▸ **WHAT THE EXERCISE ASKS**:
Give back an exact copy of the listing that follows, without the pictures.

+ + + + + + +

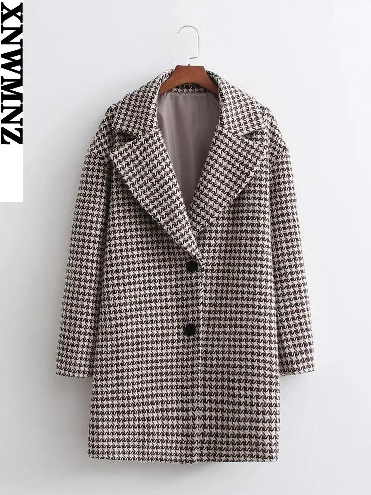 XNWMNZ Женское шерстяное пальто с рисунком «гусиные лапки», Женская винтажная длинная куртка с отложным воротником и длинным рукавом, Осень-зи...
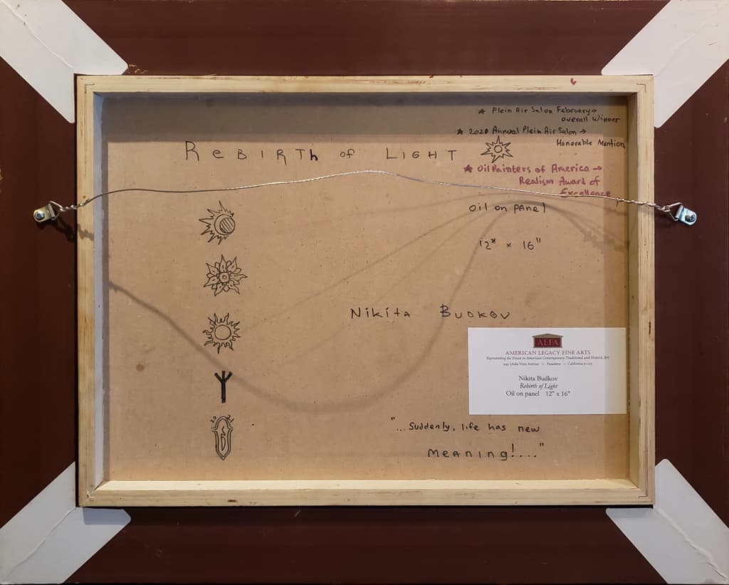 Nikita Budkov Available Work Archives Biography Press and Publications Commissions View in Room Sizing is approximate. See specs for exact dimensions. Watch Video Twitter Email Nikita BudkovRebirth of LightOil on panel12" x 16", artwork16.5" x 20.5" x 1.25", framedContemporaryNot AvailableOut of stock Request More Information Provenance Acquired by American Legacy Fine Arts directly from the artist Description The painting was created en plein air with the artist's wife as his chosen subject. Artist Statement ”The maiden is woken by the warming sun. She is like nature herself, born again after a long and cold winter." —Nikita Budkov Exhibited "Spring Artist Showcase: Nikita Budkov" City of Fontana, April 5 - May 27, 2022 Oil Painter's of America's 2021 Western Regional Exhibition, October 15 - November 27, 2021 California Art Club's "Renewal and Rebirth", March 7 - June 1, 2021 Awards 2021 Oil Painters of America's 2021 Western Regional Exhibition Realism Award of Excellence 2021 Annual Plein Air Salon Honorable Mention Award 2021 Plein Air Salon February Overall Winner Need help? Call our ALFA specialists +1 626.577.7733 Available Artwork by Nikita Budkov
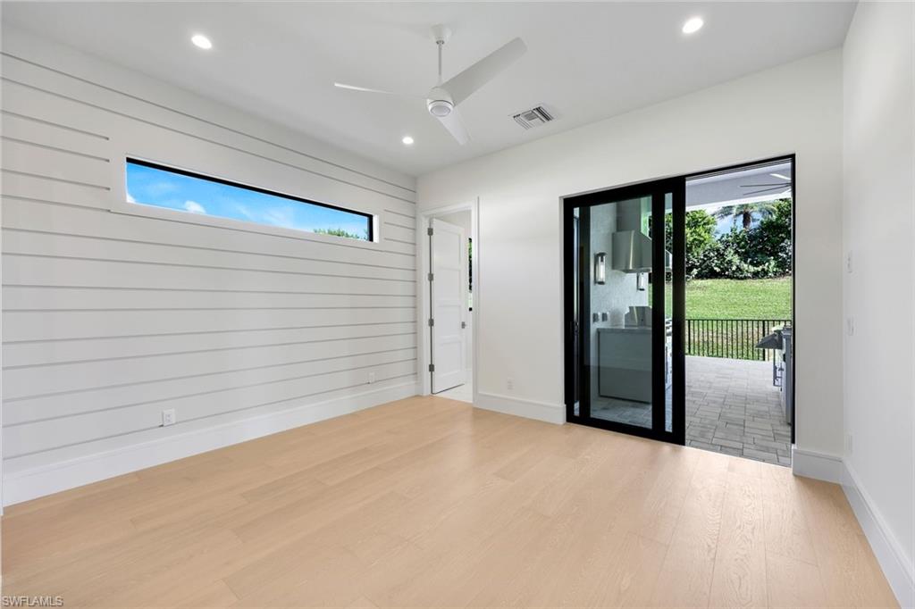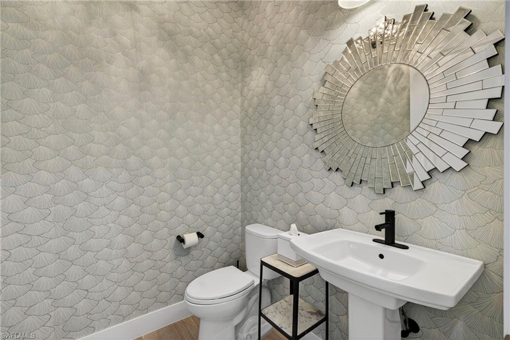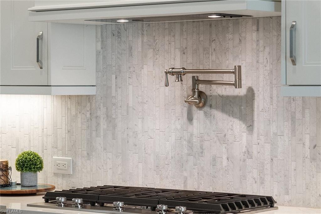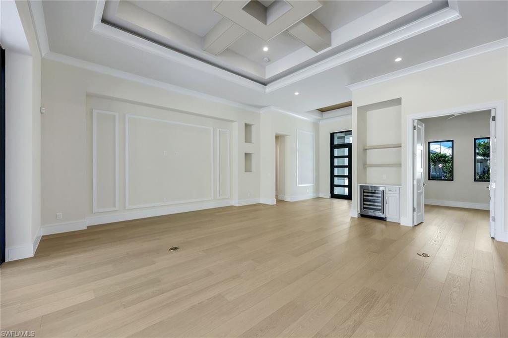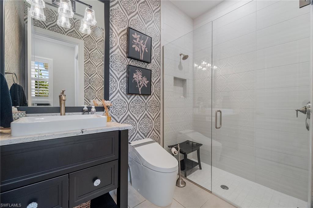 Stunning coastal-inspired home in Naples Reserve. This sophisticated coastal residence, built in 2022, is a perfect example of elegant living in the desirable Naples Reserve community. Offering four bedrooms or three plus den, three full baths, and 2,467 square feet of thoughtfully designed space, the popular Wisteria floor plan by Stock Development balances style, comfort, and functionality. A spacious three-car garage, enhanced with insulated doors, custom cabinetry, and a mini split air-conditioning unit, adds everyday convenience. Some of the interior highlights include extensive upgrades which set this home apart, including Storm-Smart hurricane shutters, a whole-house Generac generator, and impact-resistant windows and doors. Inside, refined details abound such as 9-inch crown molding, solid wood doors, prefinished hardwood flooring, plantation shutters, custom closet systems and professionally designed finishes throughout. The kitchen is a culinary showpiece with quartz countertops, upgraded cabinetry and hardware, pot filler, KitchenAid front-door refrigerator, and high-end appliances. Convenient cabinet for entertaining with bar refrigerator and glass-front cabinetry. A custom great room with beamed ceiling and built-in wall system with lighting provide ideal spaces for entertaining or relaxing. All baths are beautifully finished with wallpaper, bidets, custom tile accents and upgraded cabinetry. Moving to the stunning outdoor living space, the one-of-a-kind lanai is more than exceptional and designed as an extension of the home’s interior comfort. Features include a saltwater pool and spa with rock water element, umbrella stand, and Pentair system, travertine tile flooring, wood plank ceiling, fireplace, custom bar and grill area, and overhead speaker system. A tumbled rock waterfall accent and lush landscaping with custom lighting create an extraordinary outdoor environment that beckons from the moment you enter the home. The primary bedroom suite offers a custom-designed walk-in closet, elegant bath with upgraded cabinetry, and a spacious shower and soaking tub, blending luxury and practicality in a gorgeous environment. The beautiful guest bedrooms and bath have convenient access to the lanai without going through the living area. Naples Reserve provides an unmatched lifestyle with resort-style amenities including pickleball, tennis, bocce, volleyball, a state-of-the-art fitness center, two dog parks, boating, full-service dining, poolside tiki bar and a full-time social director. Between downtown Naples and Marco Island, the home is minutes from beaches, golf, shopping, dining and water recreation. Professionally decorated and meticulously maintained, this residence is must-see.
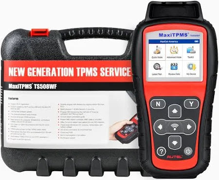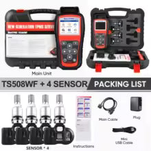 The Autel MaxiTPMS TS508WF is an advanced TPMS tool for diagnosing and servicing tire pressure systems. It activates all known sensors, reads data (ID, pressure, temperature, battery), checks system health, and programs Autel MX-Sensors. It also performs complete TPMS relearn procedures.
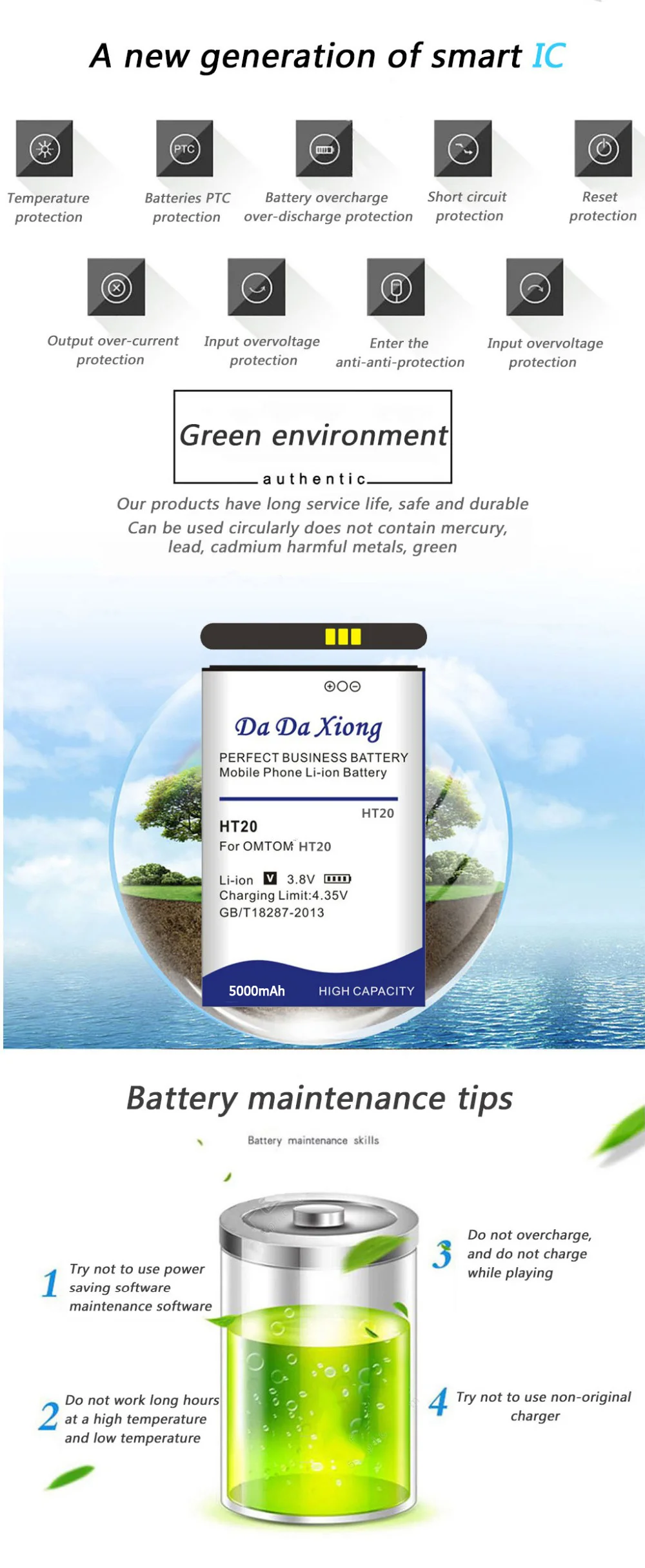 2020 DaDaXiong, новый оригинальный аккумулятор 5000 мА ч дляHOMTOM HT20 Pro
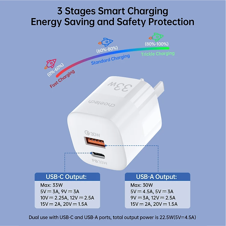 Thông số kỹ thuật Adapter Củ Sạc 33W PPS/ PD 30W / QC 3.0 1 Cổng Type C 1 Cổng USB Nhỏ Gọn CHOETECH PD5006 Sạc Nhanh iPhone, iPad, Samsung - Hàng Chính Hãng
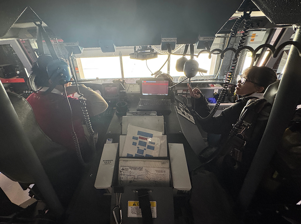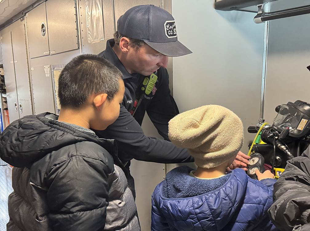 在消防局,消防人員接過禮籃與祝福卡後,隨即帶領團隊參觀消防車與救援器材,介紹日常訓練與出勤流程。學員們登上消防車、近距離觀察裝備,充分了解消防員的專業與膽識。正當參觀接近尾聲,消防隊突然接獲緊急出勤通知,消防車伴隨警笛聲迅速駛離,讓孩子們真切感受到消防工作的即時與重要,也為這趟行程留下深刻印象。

+ + + + + + +

▸ **SOLUTION FOR THIS TASK**:
 XNWMNZ Женское шерстяное пальто с рисунком «гусиные лапки», Женская винтажная длинная куртка с отложным воротником и длинным рукавом, Осень-зи...
 Nikita Budkov Available Work Archives Biography Press and Publications Commissions View in Room Sizing is approximate. See specs for exact dimensions. Watch Video Twitter Email Nikita BudkovRebirth of LightOil on panel12" x 16", artwork16.5" x 20.5" x 1.25", framedContemporaryNot AvailableOut of stock Request More Information Provenance Acquired by American Legacy Fine Arts directly from the artist Description The painting was created en plein air with the artist's wife as his chosen subject. Artist Statement ”The maiden is woken by the warming sun. She is like nature herself, born again after a long and cold winter." —Nikita Budkov Exhibited "Spring Artist Showcase: Nikita Budkov" City of Fontana, April 5 - May 27, 2022 Oil Painter's of America's 2021 Western Regional Exhibition, October 15 - November 27, 2021 California Art Club's "Renewal and Rebirth", March 7 - June 1, 2021 Awards 2021 Oil Painters of America's 2021 Western Regional Exhibition Realism Award of Excellence 2021 Annual Plein Air Salon Honorable Mention Award 2021 Plein Air Salon February Overall Winner Need help? Call our ALFA specialists +1 626.577.7733 Available Artwork by Nikita Budkov
 Stunning coastal-inspired home in Naples Reserve. This sophisticated coastal residence, built in 2022, is a perfect example of elegant living in the desirable Naples Reserve community. Offering four bedrooms or three plus den, three full baths, and 2,467 square feet of thoughtfully designed space, the popular Wisteria floor plan by Stock Development balances style, comfort, and functionality. A spacious three-car garage, enhanced with insulated doors, custom cabinetry, and a mini split air-conditioning unit, adds everyday convenience. Some of the interior highlights include extensive upgrades which set this home apart, including Storm-Smart hurricane shutters, a whole-house Generac generator, and impact-resistant windows and doors. Inside, refined details abound such as 9-inch crown molding, solid wood doors, prefinished hardwood flooring, plantation shutters, custom closet systems and professionally designed finishes throughout. The kitchen is a culinary showpiece with quartz countertops, upgraded cabinetry and hardware, pot filler, KitchenAid front-door refrigerator, and high-end appliances. Convenient cabinet for entertaining with bar refrigerator and glass-front cabinetry. A custom great room with beamed ceiling and built-in wall system with lighting provide ideal spaces for entertaining or relaxing. All baths are beautifully finished with wallpaper, bidets, custom tile accents and upgraded cabinetry. Moving to the stunning outdoor living space, the one-of-a-kind lanai is more than exceptional and designed as an extension of the home’s interior comfort. Features include a saltwater pool and spa with rock water element, umbrella stand, and Pentair system, travertine tile flooring, wood plank ceiling, fireplace, custom bar and grill area, and overhead speaker system. A tumbled rock waterfall accent and lush landscaping with custom lighting create an extraordinary outdoor environment that beckons from the moment you enter the home. The primary bedroom suite offers a custom-designed walk-in closet, elegant bath with upgraded cabinetry, and a spacious shower and soaking tub, blending luxury and practicality in a gorgeous environment. The beautiful guest bedrooms and bath have convenient access to the lanai without going through the living area. Naples Reserve provides an unmatched lifestyle with resort-style amenities including pickleball, tennis, bocce, volleyball, a state-of-the-art fitness center, two dog parks, boating, full-service dining, poolside tiki bar and a full-time social director. Between downtown Naples and Marco Island, the home is minutes from beaches, golf, shopping, dining and water recreation. Professionally decorated and meticulously maintained, this residence is must-see.
 The Autel MaxiTPMS TS508WF is an advanced TPMS tool for diagnosing and servicing tire pressure systems. It activates all known sensors, reads data (ID, pressure, temperature, battery), checks system health, and programs Autel MX-Sensors. It also performs complete TPMS relearn procedures.
 2020 DaDaXiong, новый оригинальный аккумулятор 5000 мА ч дляHOMTOM HT20 Pro
 Thông số kỹ thuật Adapter Củ Sạc 33W PPS/ PD 30W / QC 3.0 1 Cổng Type C 1 Cổng USB Nhỏ Gọn CHOETECH PD5006 Sạc Nhanh iPhone, iPad, Samsung - Hàng Chính Hãng
 在消防局,消防人員接過禮籃與祝福卡後,隨即帶領團隊參觀消防車與救援器材,介紹日常訓練與出勤流程。學員們登上消防車、近距離觀察裝備,充分了解消防員的專業與膽識。正當參觀接近尾聲,消防隊突然接獲緊急出勤通知,消防車伴隨警笛聲迅速駛離,讓孩子們真切感受到消防工作的即時與重要,也為這趟行程留下深刻印象。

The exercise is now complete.